Even in an image forming apparatus using a drum, particularly a corona discharger, a charging roller, and even a charging brush, in which a photosensitive member is uniformly charged including a discharge phenomenon, the image flow and the 'fogging' phenomenon do not occur. In an image forming apparatus using an a-Si drum, which can form a clear image, while taking into account simplification of the configuration and safety, image deletion and 'fog' can be performed.
It has various remarkable effects such that a clear image can be formed without causing a phenomenon.

[Brief description of the drawings]

FIG. 1 is an embodiment of an image forming apparatus to which the present invention is applied.

FIG. 2 is a configuration diagram illustrating a configuration inside a developing container.

[Explanation of symbols]

 REFERENCE SIGNS LIST 1 photoconductor drum 1a conductive substrate 1b photoconductive layer 1c surface layer 2 exposure head 3 optical system 4 developing unit 6 paper removing means (cleaning means) 8 charging device 40 developing roller 41 developing container

 ──────────────────────────────────────────────────続 き Continuing on the front page (72) Inventor Keiji Itsukushima 704-19 Noshino, Tamaki-cho, Machi Prefecture Mie Prefecture Inside the Mie Tamaki Plant, Kyocera Corporation (72) Inventor Yoshio Ozawa 704-19 Noshino, Tamaki-cho, Tamaki-cho, Mie Prefecture Kyocera Corporation Mie Tamaki Factory

Claims (8)

[Claims] 1. A photoreceptor having a surface layer formed of a-Si and a developing roller which rotates while rubbing the photoreceptor is formed on the photoreceptor surface while removing residual toner on the photoreceptor surface. Developing means for forming a toner image on a latent image; transfer means for transferring the toner image to recording paper; and paper dust removing means for removing at least paper dust attached to the surface of the photoreceptor after the transfer.
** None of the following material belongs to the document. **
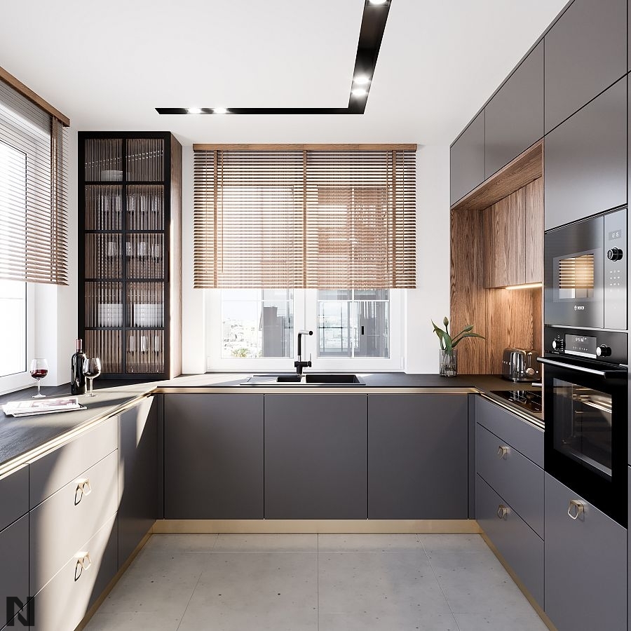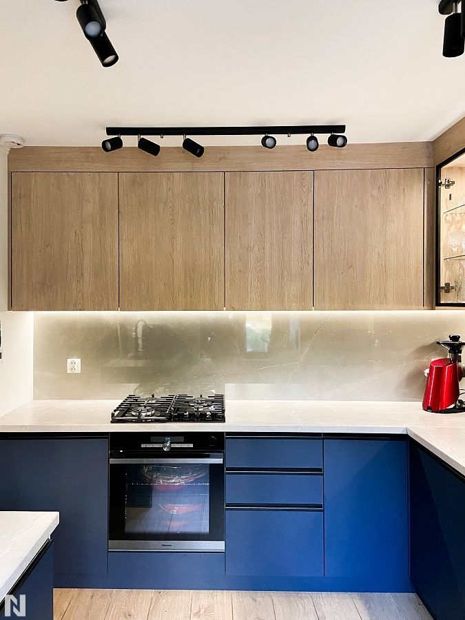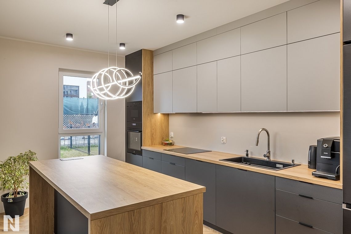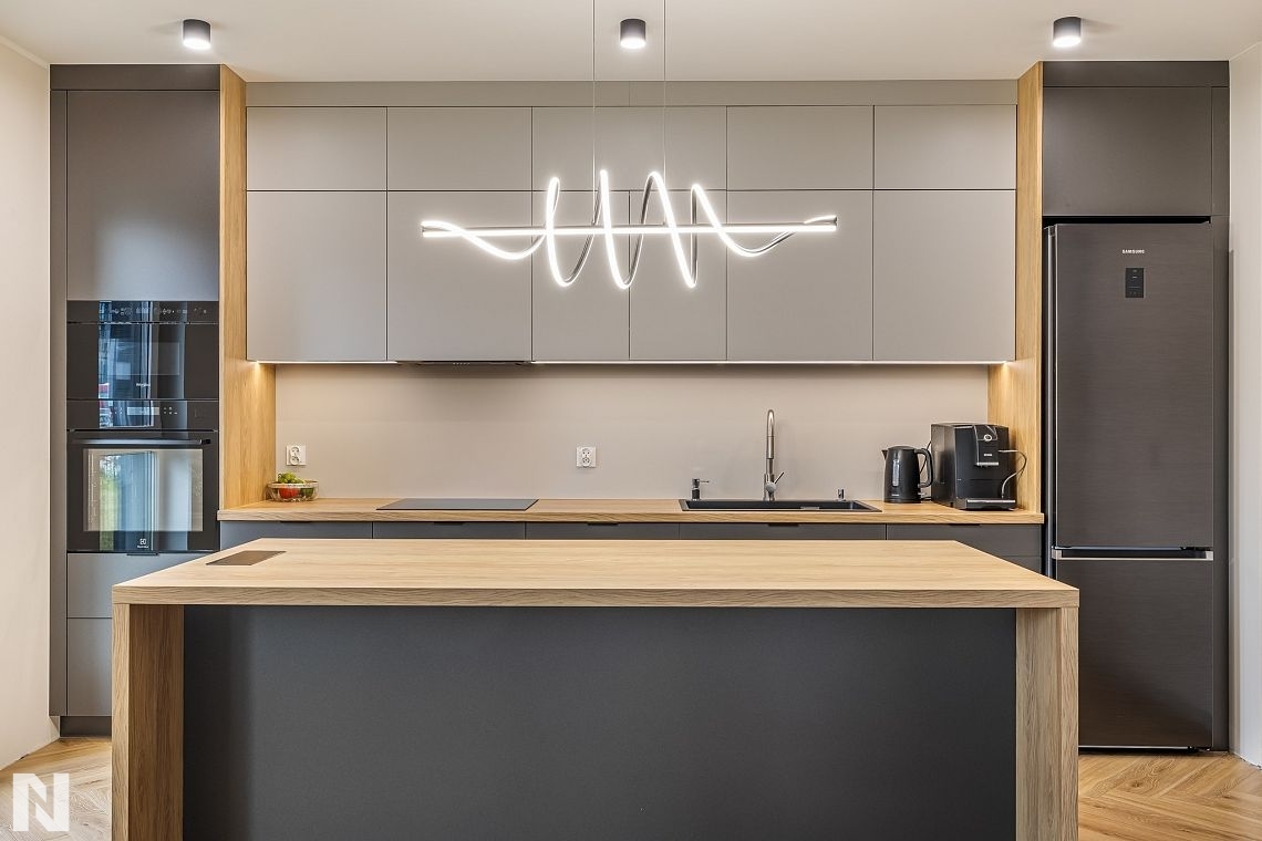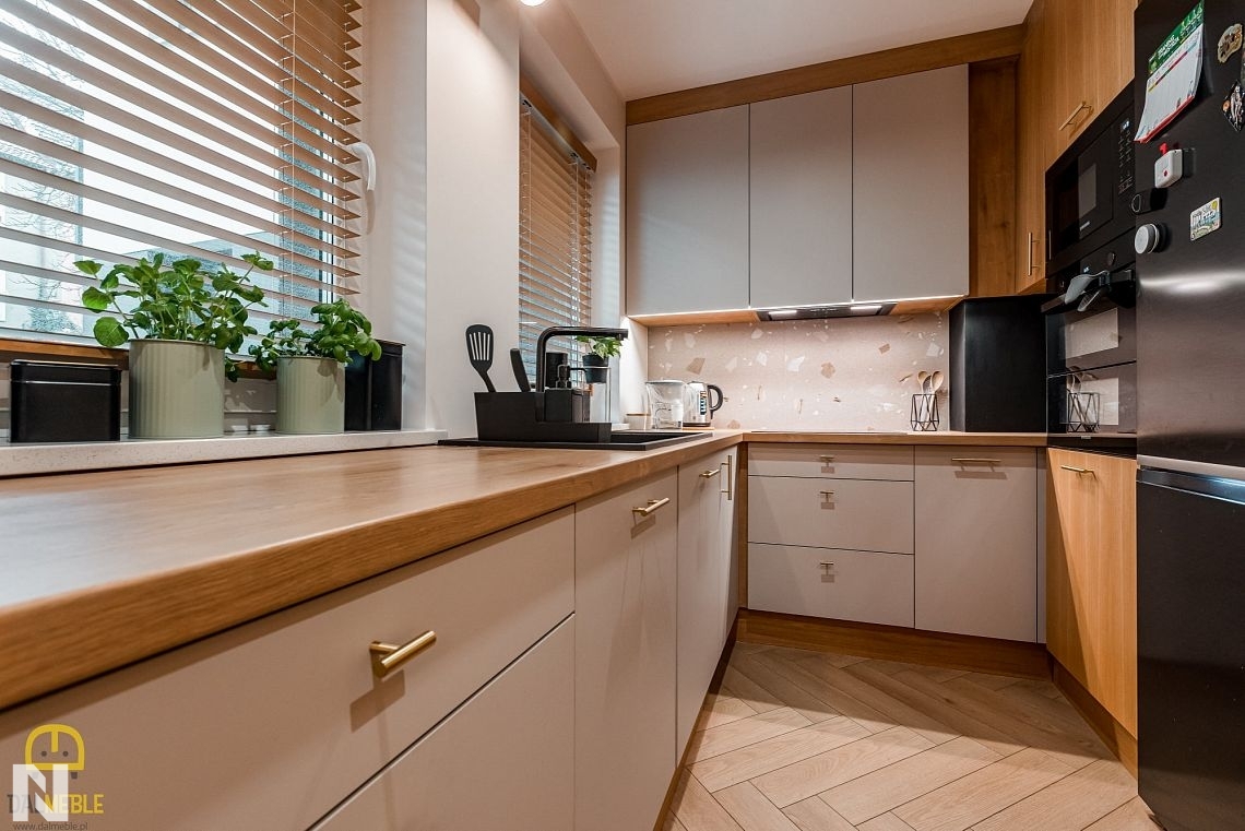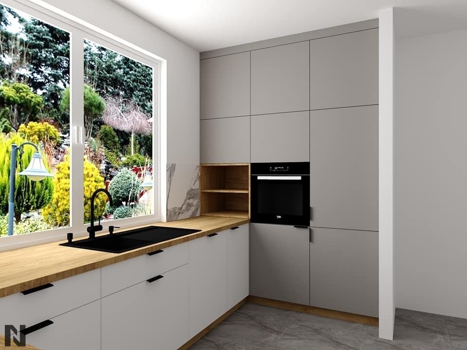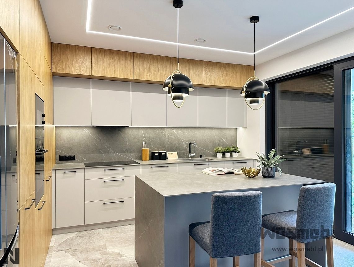 Matowe fronty z drewnianym blatem wizualizacja ALVOS meble na wymiar

In the image forming apparatus, the toner layer of the developing roller may have a thickness of 0.3 to 0.9 mg / cm.
An image forming apparatus, wherein the number is set to ² . 2. A method a surface layer of the photosensitive member, the element ratio composition formula -: When represented as _{(a- Si l x C x H} ), x is 0.
95 ≦ x <1, and the dynamic indentation hardness of the outermost surface is 300 kgf / mm ² or less, and the hardness on the back side of the photoconductive layer side is higher than that on the outermost surface side, and preferably, as it proceeds toward the back side. 2. The image forming apparatus according to claim 1, wherein the hardness is set to gradually increase. 3. When the toner image on the surface of the photoconductor is transferred onto recording paper by the transfer roller, the peripheral speed between the transfer roller and the photoconductor is made different. 2. The image forming apparatus according to claim 1, wherein the size of the image forming apparatus is larger than that of the photoconductor. 4. A supply roller for supplying toner by rubbing and rotating with the developing roller, wherein a rotation direction of the supply roller is set to the same direction as the developing roller, and between the developing roller and the supply roller. 2. The image forming apparatus according to claim 1, wherein a potential difference generated by applying a voltage to the toner is set to 30 to 300 V, which has the same polarity as the frictional charging electrode of the toner. 5. An image forming apparatus according to claim 1, wherein a peripheral speed ratio of said developing roller to said photosensitive member is set to 1.2 times to 5.0 times. 6. The image forming apparatus according to claim 1, wherein a contact time between said photosensitive member and said developing roller is set to 0.01 second to 0.1 second. 7. The image forming apparatus according to claim 1, wherein the toner particles are manufactured by a polymerization method. 8. The image forming apparatus according to claim 5, wherein the rotation directions of the photoconductor and the developing roller are reversed.